Perseguitati a motivo di Cristo
12 novembre 2014
Un giorno una parola – commento a I Pietro 4, 12-13
Certo, il Signore mi ha castigato, ma non mi ha dato in balia della morte.
(Salmo 118, 18)
Carissimi, non vi stupite per l’incendio che divampa in mezzo a voi per provarvi, come se vi accadesse qualcosa di strano.
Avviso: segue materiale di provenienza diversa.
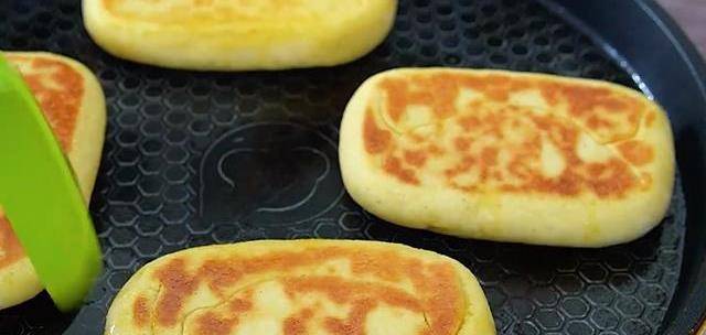 18.反復翻面多次,一直烙到兩面顏色金黃,按壓餅面會快回彈的話就可以出鍋瞭。
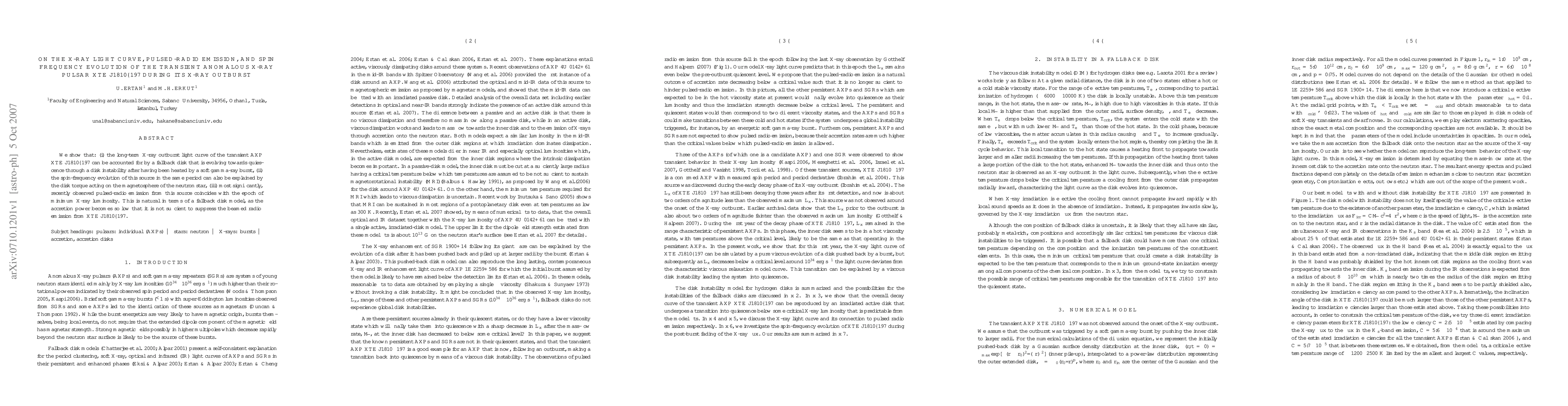 We show that: (i) the long-term X-ray outburst light curve of the transient AXP XTE J1810-197 can be accounted for by a fallback disk that is evolving towards quiescence through a disk instability after having been heated by a soft gamma-ray burst, (ii) the spin-frequency evolution of this source in the same period can also be explained by the disk torque acting on the magnetosphere of the neutron star, (iii) most significantly, recently observed pulsed-radio emission from this source coincides with the epoch of minimum X-ray luminosity. This is natural in terms of a fallback disk model, as the accretion power becomes so low that it is not sufficient to suppress the beamed radio emission from XTE J1810-197.

Anzi, rallegratevi in quanto partecipate alle sofferenze di Cristo, perché anche al momento della rivelazione della sua gloria possiate rallegrarvi ed esultare.
(I Pietro 4, 12-13)
La 1ª lettera di Pietro parla a più riprese delle sofferenze che i suoi lettori si trovano ad affrontare a causa di una persecuzione che, pur non essendo ancora particolarmente sanguinosa, è devastante come un incendio, specie per convertiti dal paganesimo, psicologicamente impreparati a soffrire per il solo fatto di esser diventati cristiani.
Il nostro pensiero corre, sgomento e solidale, a coloro che, in paesi lontani, soffrono per il puro e semplice fatto di essere credenti in Cristo. Le loro chiese sono incendiate, le loro case distrutte e i loro affetti spezzati, le loro stesse vite distrutte, se non hanno la fortuna di trovare scampo nella fuga e nell’esilio.
Anche noi abbiamo sofferto persecuzioni, ma esse sono oggi più che altro un ricordo, di cui ci dicono i libri che narrano la nostra storia. Oggi abbiamo il privilegio di professare in pace la nostra fede, anzi di vivere in una civiltà che si dice cristiana. Certo, rimane da verificare se e quanto lo sia, e anche se e quanto cristiani siamo noi… ma questo è un altro discorso.
Alle nostre sorelle e ai nostri fratelli perseguitati per la loro fede, pensiamo con lo stesso affetto e spirito di preghiera con cui Pietro pensa ai suoi lettori, e ricordiamo loro che, nella durezza della prova, essi condividono in qualche modo le sofferenze di Cristo, mentre Cristo stesso partecipa alle loro; questo può essere perfino motivo di allegrezza, nella prospettiva che, alla fine della storia, non c’è il vuoto o il nulla, ma il mondo nuovo di Dio nel quale una storia nuova comincia, una storia dove “non ci sarà più né grido né cordoglio né dolore, perché le cose di prima sono passate” (Apocalisse 21, 4).